Jupyter Notebook SSD error

rferrandis · October 3, 2023, 6:21am

Please provide the following information when requesting support.

• Hardware (T4/V100/Xavier/Nano/etc)
Windows 10 + WSL + DOCKER + GPU
• Network Type (Detectnet_v2/Faster_rcnn/Yolo_v4/LPRnet/Mask_rcnn/Classification/etc)
Object detection SSD
• TLT Version (Please run “tlt info --verbose” and share “docker_tag” here)
5.0.0-tf2
• Training spec file(If have, please share here)
• How to reproduce the issue ? (This is for errors. Please share the command line and the detailed log here.)

Hi,

I’m facing some issues with the Jupyter Notebooks, and I’m starting to think that maybe I am doing something wrong:

I started with the notebooks included in the getting started package, but they seemed to be out of date. Then I found a post where someone pointed to a direct download of the TAO 5.0 updated notebooks, but they have the same errors.
I am trying to run the SSD example, and the first issue that I encounter is that in the step for installing TAO (!pip3 install nvidia-tao), it installs the 4.0 version. This is what TAO info says:
Configuration of the TAO Toolkit Instance
dockers: [‘nvidia/tao/tao-toolkit’]
format_version: 2.0
toolkit_version: 4.0.1
published_date: 03/06/2023

This is strange for me, but I tried to finish the example.
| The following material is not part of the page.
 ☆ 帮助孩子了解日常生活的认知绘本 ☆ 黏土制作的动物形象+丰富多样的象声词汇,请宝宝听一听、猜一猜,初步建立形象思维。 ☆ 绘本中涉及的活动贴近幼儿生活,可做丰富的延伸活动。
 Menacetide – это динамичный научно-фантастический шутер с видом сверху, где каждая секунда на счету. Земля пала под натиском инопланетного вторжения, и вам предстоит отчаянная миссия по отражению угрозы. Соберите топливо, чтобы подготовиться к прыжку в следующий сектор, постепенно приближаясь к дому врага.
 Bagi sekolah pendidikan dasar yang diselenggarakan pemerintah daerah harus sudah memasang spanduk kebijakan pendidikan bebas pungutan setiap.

The next error that I encountered is when it tries to convert the dataset, the command is not working:

!tao model ssd dataset_convert
-d $SPECS_DIR/ssd_tfrecords_kitti_train.txt
-o $DATA_DOWNLOAD_DIR/ssd/tfrecords/kitti_train
-r $USER_EXPERIMENT_DIR/

It works if you remove “model” from it, but is this how it is supposed to work? Or are there other changes I need to be aware of?

I am asking this because if I keep going, when I try to train the model It downloads the docker 4.0-tf1 image, and it gives me some segmentation errors, so I am not sure if it is supposed to work like this or I’m doing something wrong.
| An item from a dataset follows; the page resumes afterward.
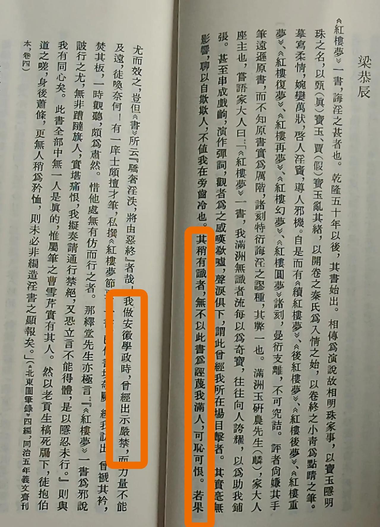 红楼梦是禁书,原因有“淫书”“反清”。 一粟所编的《红楼梦资料汇编》(全称《古典文学研究资料汇编·红楼梦卷》),书中收录了明确将《红楼梦》指为“禁书”或记载其被禁毁情况的重要史料,清晰地反映了《红楼梦》在历史上曾被官方查禁的事实。 一、《江苏省例·藩政》(同治七年) 同治七年四月十五日,江苏巡抚丁日昌颁布查禁“淫词小说”的饬令,开列了应禁书目共计268种。《红楼梦》及其主要续书《续红楼梦》、《后红楼梦》、《补红楼梦》、《红楼圆梦》、《红楼复梦》、《增补红楼》、《红楼重梦》等赫然在列。 此事亦见于陈其元《庸闲斋笔记》(卷八) 淫书以《红楼梦》为最,盖描摹痴男女情性,其字面绝不露一淫字,令人目想神游,而意为之移,所谓大盗不操干矛也……丰润丁雨生中丞巡抚江苏时,严行禁止,而卒不能绝,则以文人学士多好之之故。” 同治七年(1868年)江苏巡抚丁日昌(丁雨生)在查禁“淫词小说”时,将《红楼梦》及其续书明确列入禁毁书目。 二、梁恭辰《北东园笔录·四编》(卷四),同治五年 《红楼梦》一书,诲淫之甚者也……满洲玉研农先生(麟)家大人尝语之云:“《红楼梦》一书,我满洲无识者流每以为奇宝,往往向人夸耀……其稍有识者,无不以此书为诬蔑我满人,可耻可恨......我做安徽学政时,曾经出示严禁,而力量不能及远,徒唤奈何!……”那绎堂先生亦言:“《红楼梦》一书为邪说诐行之尤,无非糟蹋旗人,实堪痛恨!” 梁恭辰其父梁章钜的座主玉麟(1766-1833),“其稍有识者,无不以此书为诬蔑我满人,可耻可恨。” 那彦成,字绎堂(1763年-1833年),“《红楼梦》一书,为邪说波行之尤,无非糟蹋旗人,实堪痛恨。我拟奏请通行禁绝,又恐立言不能得体,是以忍隐未行。” 玉麟和那彦成认为红楼梦“诬蔑满人”“糟蹋满人”。这让否认红楼梦反清悼明的汗颜。 “《红楼梦》一书,我满洲无识者流每以为奇宝,往往向人夸耀。”红楼梦隐藏的太深了!
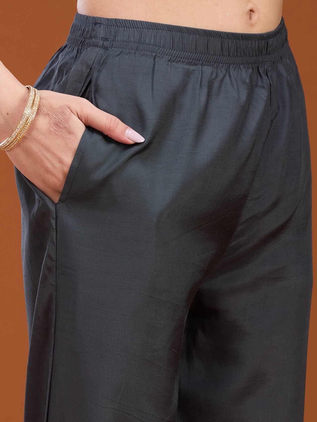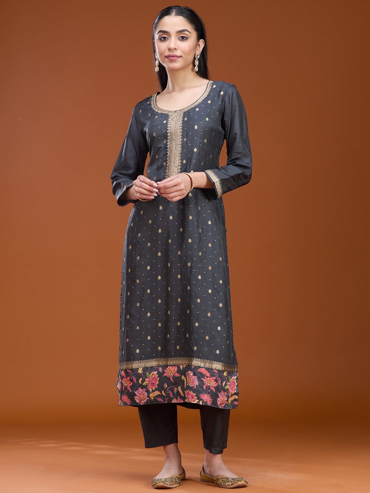 Dark Grey Salwar Suit in Soft Raw Silk fabric. The Salwar Suit is embellished with Stonework (Gold) embroidery. Accompanied with a bottom and dupatta. Comes with the Koskii promise of premium quality.

And last thing, the key needed to run the training is nvidia_tlt or my NGC key?

rferrandis · October 3, 2023, 12:55pm

Hi,

Someone pointed in other post that the TAO 5.0 version is installed if you create an environment with Python 3.7 instead of 3.6. I started from scratch and now the commands from the notebook are working as expected, but please, could you update the quickstart guide software requirements?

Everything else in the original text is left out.